Reproduce the listing exactly and skip over any pictures.

_INFORMATION PROVIDED_.
■ ■ ■ ■

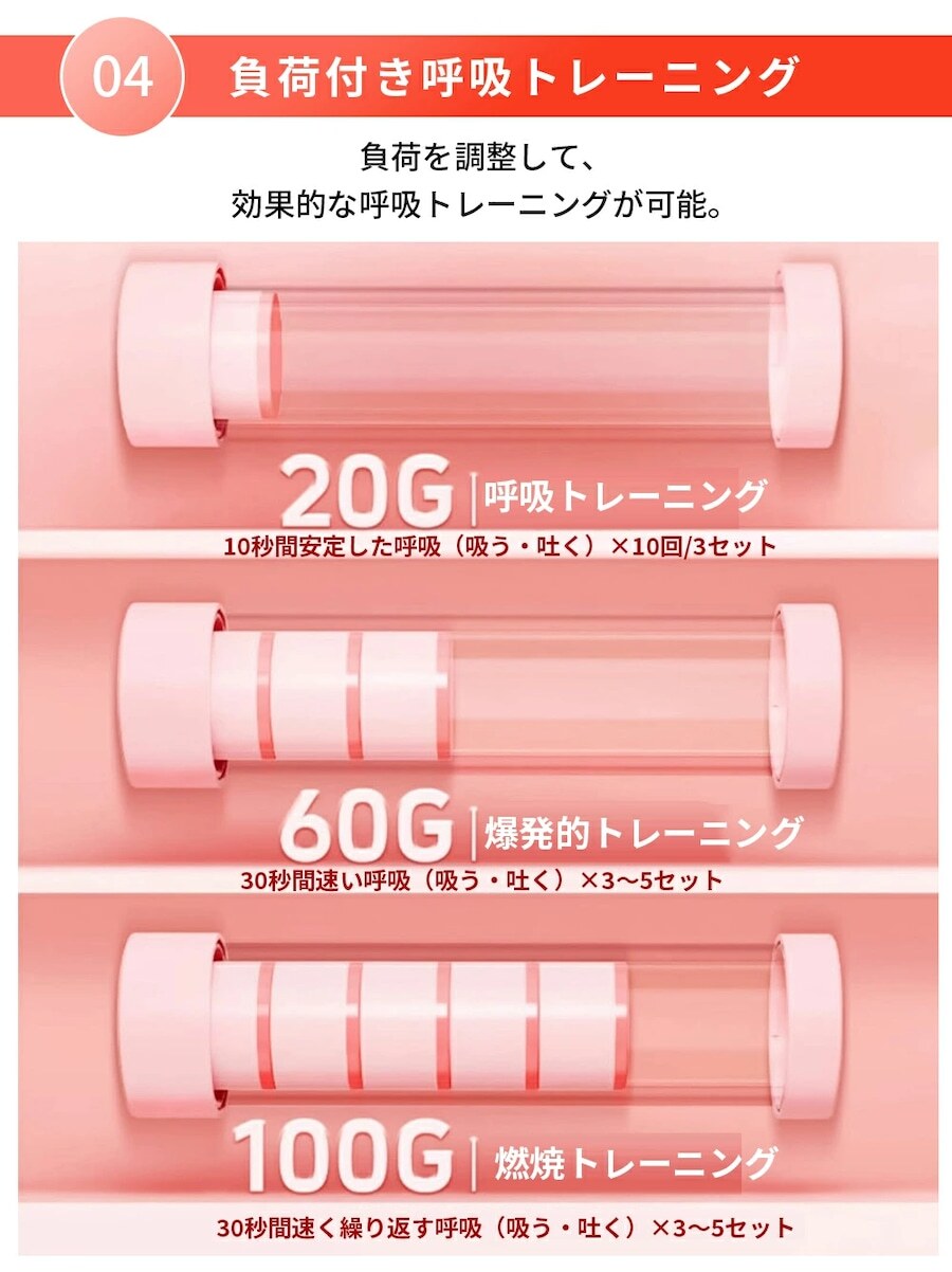 → 当社の製品は、ウェイトスタックで負荷を数値化(20g〜100g)、1分で肺活量の変化を実感、3週間で持久力最大40%UP※
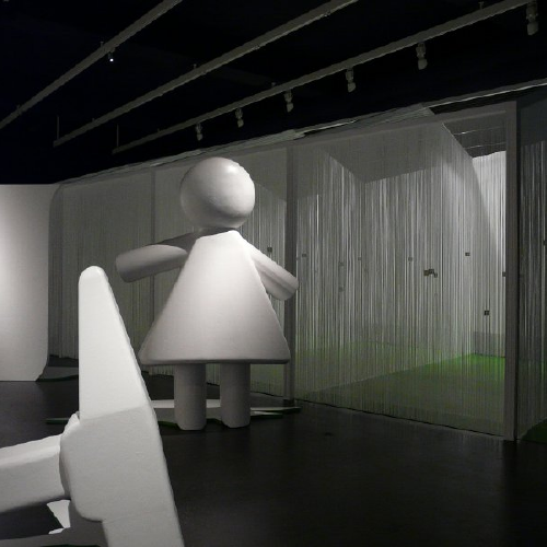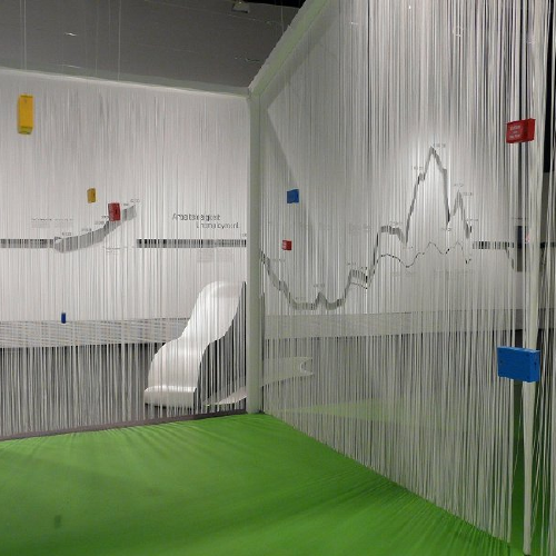 Hygienemuseum Dresden | Ausstatung mehrerer Austellungen mit Wand und Deckenbespannungen | Ausstellungsraum fertig | hier ein spezieller Vorhang, kreisrund mit passend gebogener Aluschiene |
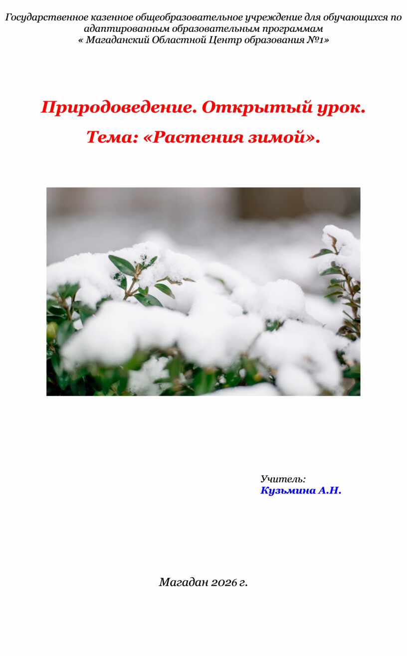 Тема: «Растения зимой».
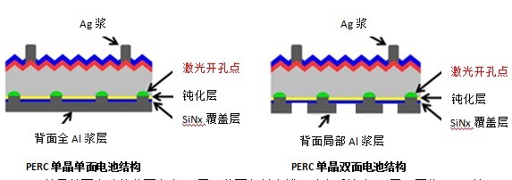 PERC單晶單面電池的背面為全Al層,背面入射光線無法穿透該全Al層,因此PERC單晶單面電池只有正面可以吸收入射光進行光電轉(zhuǎn)換。為了使PERC電池均有雙面光電轉(zhuǎn)換功能,行業(yè)改變了PERC電池的印刷工藝,將背面全Al層印刷工藝修改為背面局部Al層印刷工藝。該工藝是盡量保證背面Al漿印刷在激光開孔點處,以使光生電流仍然可以通過激光開孔點的Al層導出。

■ ■ ■ ■

_RESULT FOR THIS TASK_.
 → 当社の製品は、ウェイトスタックで負荷を数値化(20g〜100g)、1分で肺活量の変化を実感、3週間で持久力最大40%UP※
 Hygienemuseum Dresden | Ausstatung mehrerer Austellungen mit Wand und Deckenbespannungen | Ausstellungsraum fertig | hier ein spezieller Vorhang, kreisrund mit passend gebogener Aluschiene |
 Тема: «Растения зимой».
 PERC單晶單面電池的背面為全Al層,背面入射光線無法穿透該全Al層,因此PERC單晶單面電池只有正面可以吸收入射光進行光電轉(zhuǎn)換。為了使PERC電池均有雙面光電轉(zhuǎn)換功能,行業(yè)改變了PERC電池的印刷工藝,將背面全Al層印刷工藝修改為背面局部Al層印刷工藝。該工藝是盡量保證背面Al漿印刷在激光開孔點處,以使光生電流仍然可以通過激光開孔點的Al層導出。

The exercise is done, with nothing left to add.